## Exercise data
=== Begin Enclosure ===

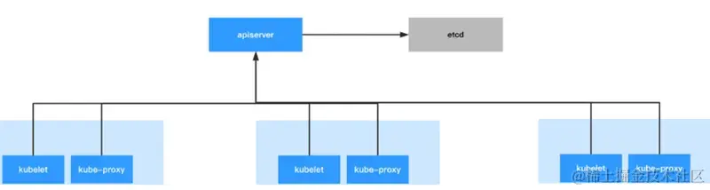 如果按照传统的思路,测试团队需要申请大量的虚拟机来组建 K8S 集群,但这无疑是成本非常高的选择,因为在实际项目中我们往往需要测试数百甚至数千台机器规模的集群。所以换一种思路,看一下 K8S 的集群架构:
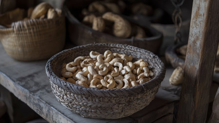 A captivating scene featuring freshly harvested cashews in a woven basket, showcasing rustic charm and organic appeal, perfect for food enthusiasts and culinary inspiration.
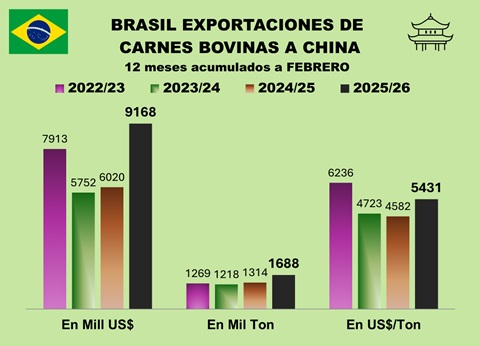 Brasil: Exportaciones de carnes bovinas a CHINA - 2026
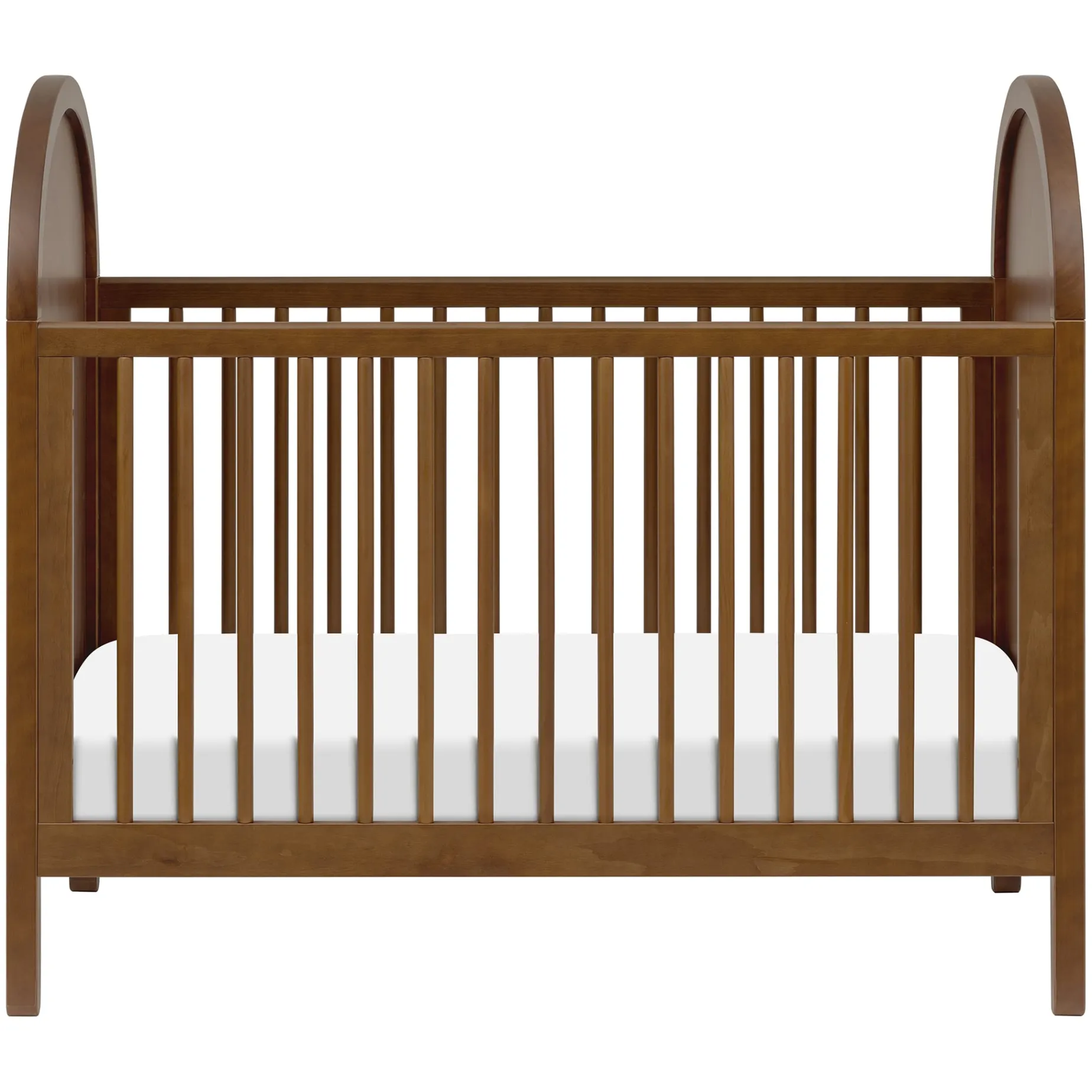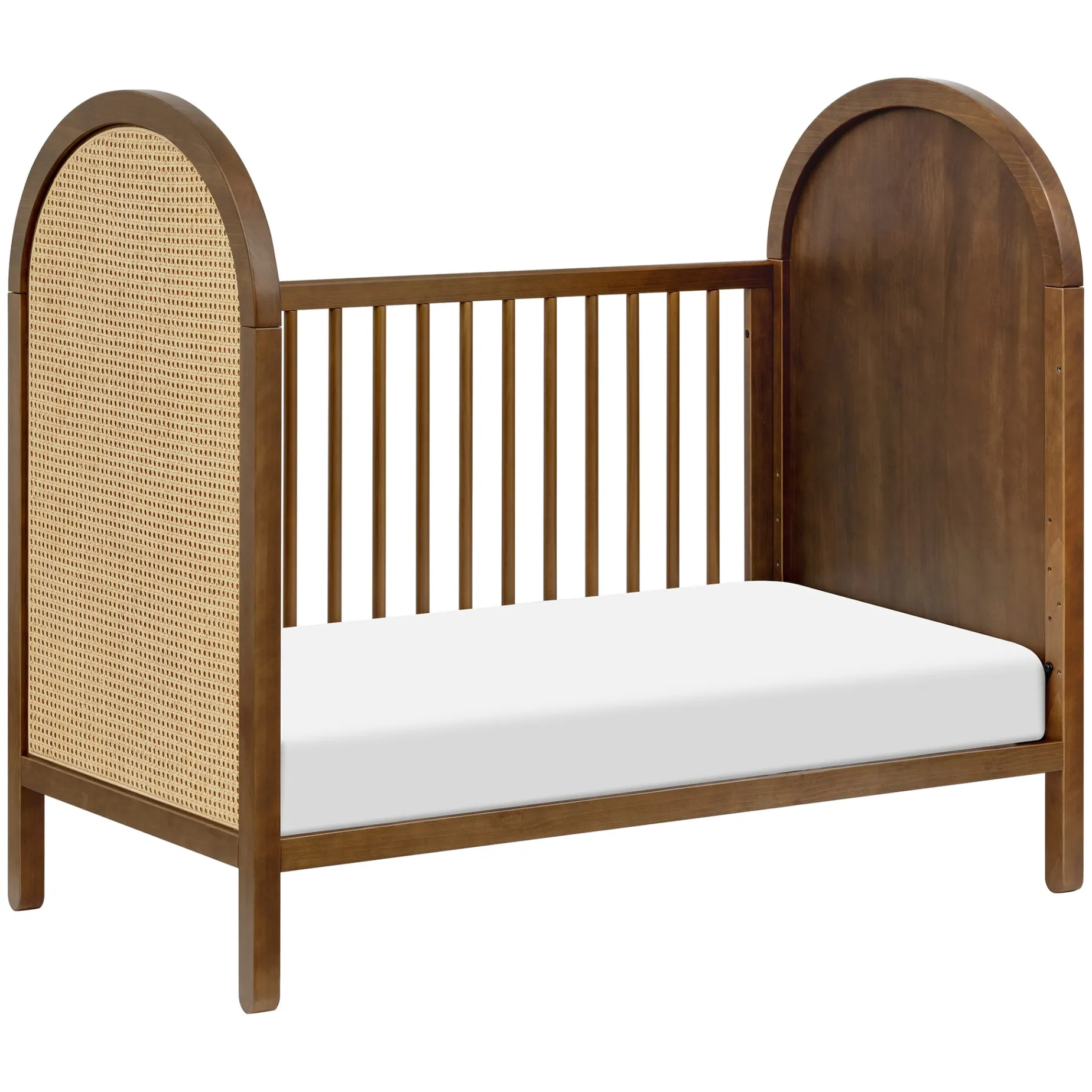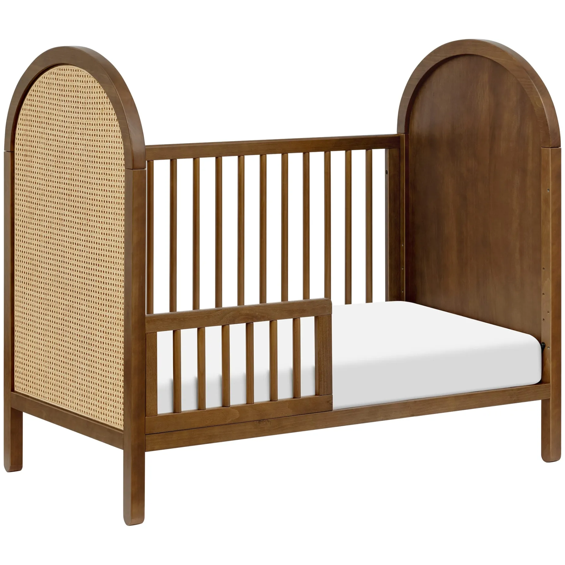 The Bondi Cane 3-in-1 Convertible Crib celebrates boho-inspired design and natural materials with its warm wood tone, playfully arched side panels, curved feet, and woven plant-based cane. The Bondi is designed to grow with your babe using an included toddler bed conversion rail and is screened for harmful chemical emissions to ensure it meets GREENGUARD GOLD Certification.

=== End Enclosure ===

## Your objective
Output every line above exactly as it stands, and drop any picture.

## Written response
 如果按照传统的思路,测试团队需要申请大量的虚拟机来组建 K8S 集群,但这无疑是成本非常高的选择,因为在实际项目中我们往往需要测试数百甚至数千台机器规模的集群。所以换一种思路,看一下 K8S 的集群架构:
 A captivating scene featuring freshly harvested cashews in a woven basket, showcasing rustic charm and organic appeal, perfect for food enthusiasts and culinary inspiration.
 Brasil: Exportaciones de carnes bovinas a CHINA - 2026
 The Bondi Cane 3-in-1 Convertible Crib celebrates boho-inspired design and natural materials with its warm wood tone, playfully arched side panels, curved feet, and woven plant-based cane. The Bondi is designed to grow with your babe using an included toddler bed conversion rail and is screened for harmful chemical emissions to ensure it meets GREENGUARD GOLD Certification.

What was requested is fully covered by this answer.